A child who embarrassed you

A Pastor who let you down

A Doctor who missed something on your chart

An investment advisor who misread the markets

A driver who wasn’t paying attention

A mate who crushed your heart

A student who bullied you

A person close to you who didn’t respond the way you wanted in a crisis

Maybe this list doesn’t include the one who is in the site of your weapon of rage. However, if we learn anything from Joseph we learn that forgiveness opens doors, bitterness locks them tight. Forgiveness is an act of faith.

Our initial response of course is that the person does not deserve forgiveness. And that is exactly when the message of Christmas should bring us to silence. We do not deserve forgiveness. We did not warrant God’s extravagant act of love and mercy.

There is this part of us, if we are honest, that says, “but, you don’t know what they have done to me . . . “. And when we say such things we show that we do not understand the depth and horror of sin. We are being too easy on ourselves. Forgiveness does not require us to be a doormat, it doesn’t mean we go back to a bad situation without changes being made; it requires us to let go of the bitterness and the resentment and the desire to punish. It is to put those things in God’s hands.

Imagine being a prisoner of war. You and a group of fellow prisoners spend day after day in agony. You are treated poorly. Yes, sometimes the prisoners turn on each other but it is only because of the misery of their situation.

Now suppose someone slips you the keys to the prison. They tell you that a sedative will be given to all the guards at a certain time and you are assured that you will have the opportunity to escape without incident.
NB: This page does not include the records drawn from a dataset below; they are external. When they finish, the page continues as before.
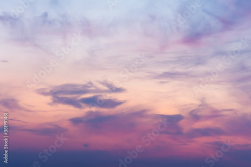 Obraz premium View of the sky in the evening at sunset with a dark cloud and a bright pink...
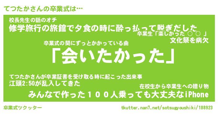 | 意味不明あだ名 | 『ペロリンてつたか』『永久保存てつたか』 |
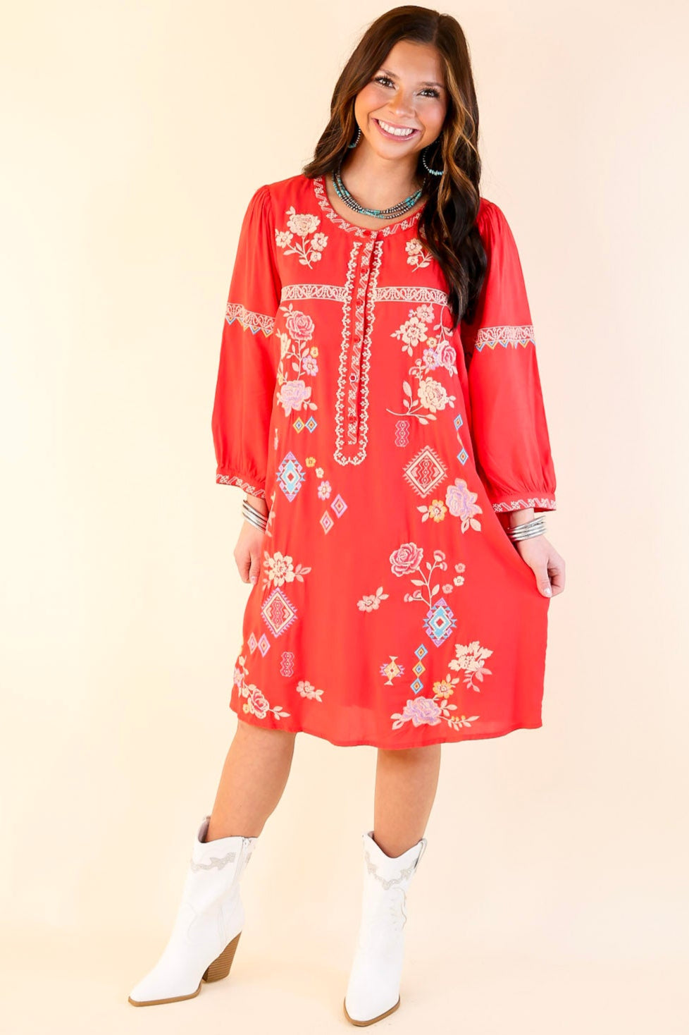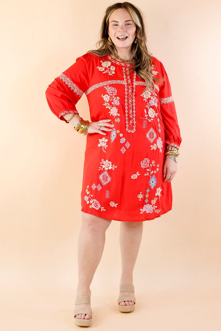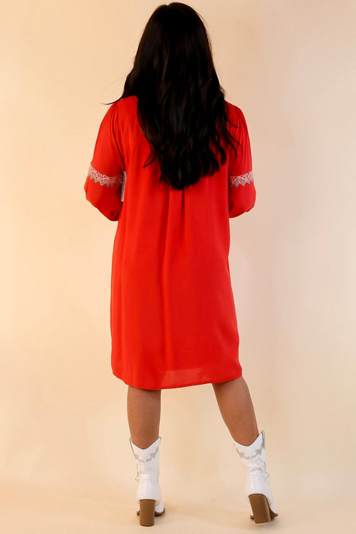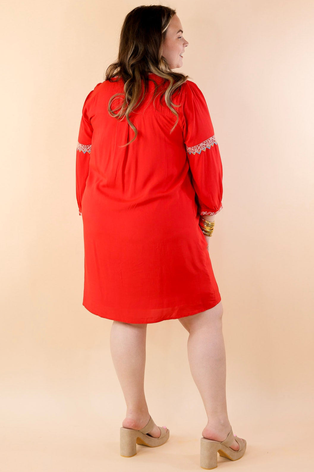 Chasing Sunshine Half Button Embroidered Dress with Half Sleeves in Red - Giddy Up Glamour Boutique

What will you do? When the guards fall asleep will you unlock your chains? Will you unlock the prison door and run to your freedom? I hope you would.

This is the message of Christmas. God has come and given us the key to freedom from sin and the key to new life in Christ. We can escape our prison. Here’s the question: Will you take advantage of what God has done? Will you turn to Him for forgiveness and a new beginning?

But here is a second question: when the guards fall asleep will you also unlock the chains of your fellow prisoners? I suspect you would. You would want to share this good fortune with all who are imprisoned as you are.

Perhaps you have been deeply hurt. The one who hurt you is also imprisoned. They are miserable because of sin. You can play God or you can extend grace. Which would you desire if you were them?

Forgiveness is the key that opens the door to freedom and new life. We can experience freedom for ourselves and we should do so eagerly. However, we also have the opportunity to unlock the chains of those who are imprisoned with us. The Lord has given us the key, the question is: will we use it selfishly or unselfishly. As long as we refuse to forgive, we remain imprisoned in a bitterness that robs us of life. As long as we keep quiet about the message of Christmas we leave imprisoned souls without hope.

One of the greatest gifts you can give this Christmas is the gift of forgiveness; the gift of a new beginning; another chance; and a restored relationship.

Jason concludes his song about Joseph with these words,

Blessed Joseph, your heart is proven

And through you the Kingdom has come

For God delights in a man of mercy

And has found an earthly father for his son

The story of Joseph is one of trust. It is a story of courage. It is a story of mercy that brought with it the joy of new life. We have the opportunity to experience that story in our own lives. We have the chance to follow in the warm and wonderful footsteps of Joseph, a good and godly man.